The problem.
Copy the data exactly. Images are the one exception.

Given material.
=====
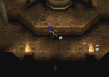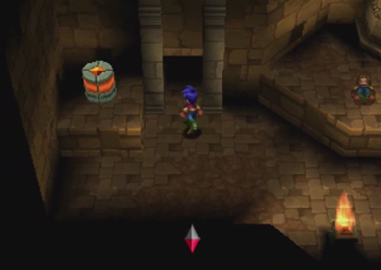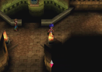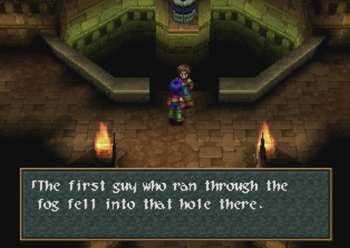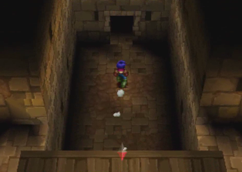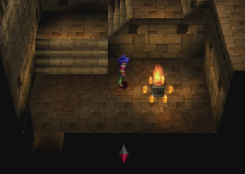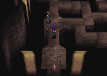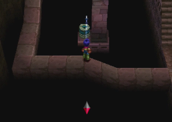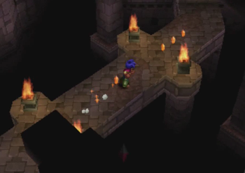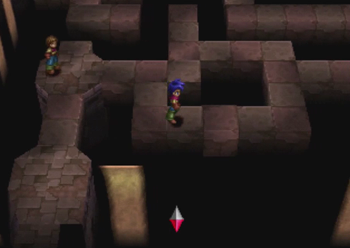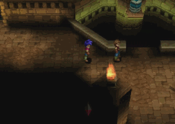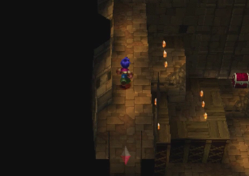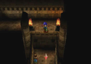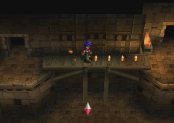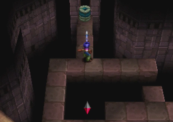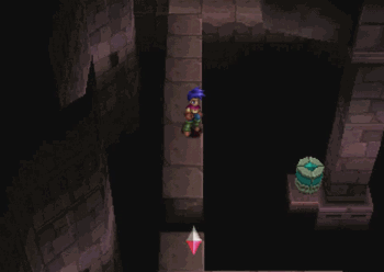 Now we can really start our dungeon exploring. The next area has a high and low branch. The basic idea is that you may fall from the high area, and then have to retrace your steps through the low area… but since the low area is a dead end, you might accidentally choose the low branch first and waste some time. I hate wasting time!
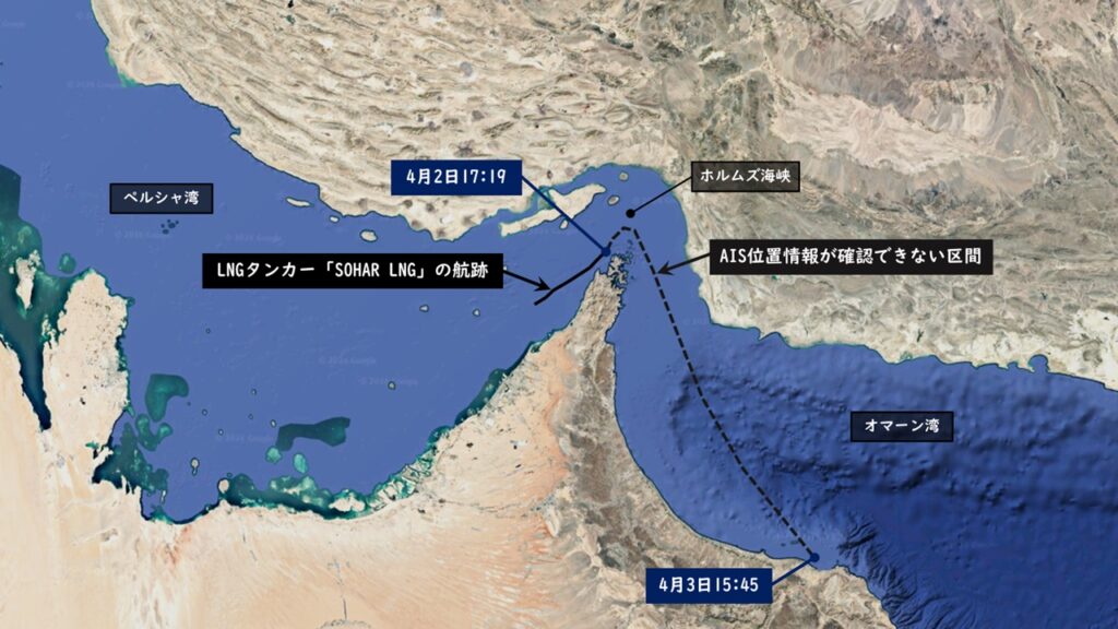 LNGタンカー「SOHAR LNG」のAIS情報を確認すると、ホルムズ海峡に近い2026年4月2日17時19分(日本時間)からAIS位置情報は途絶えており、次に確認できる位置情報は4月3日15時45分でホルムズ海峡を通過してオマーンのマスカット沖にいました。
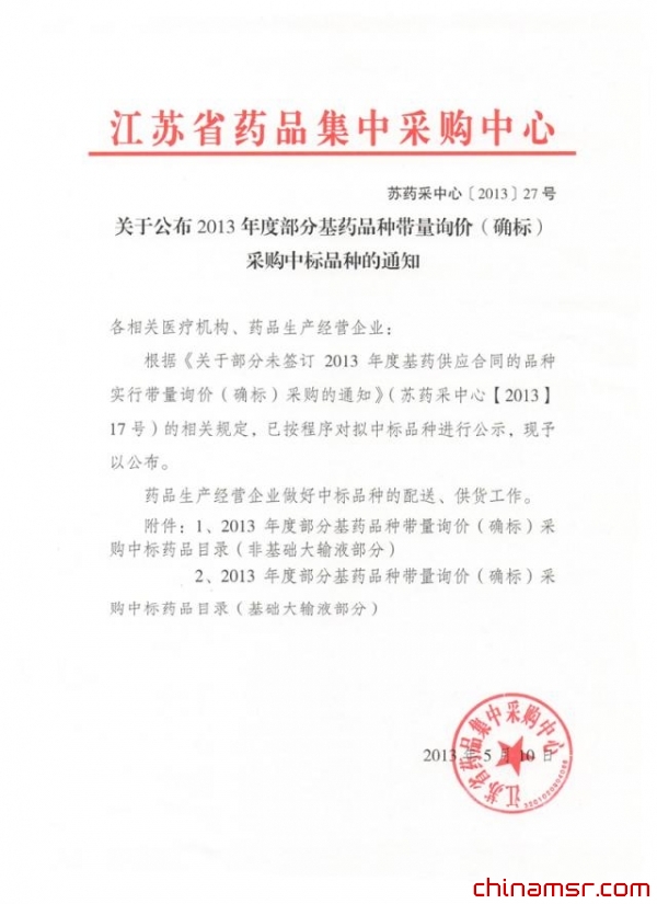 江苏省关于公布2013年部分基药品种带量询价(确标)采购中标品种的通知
=====
Solution to this exercise.
 Now we can really start our dungeon exploring. The next area has a high and low branch. The basic idea is that you may fall from the high area, and then have to retrace your steps through the low area… but since the low area is a dead end, you might accidentally choose the low branch first and waste some time. I hate wasting time!
 LNGタンカー「SOHAR LNG」のAIS情報を確認すると、ホルムズ海峡に近い2026年4月2日17時19分(日本時間)からAIS位置情報は途絶えており、次に確認できる位置情報は4月3日15時45分でホルムズ海峡を通過してオマーンのマスカット沖にいました。
 江苏省关于公布2013年部分基药品种带量询价(确标)采购中标品种的通知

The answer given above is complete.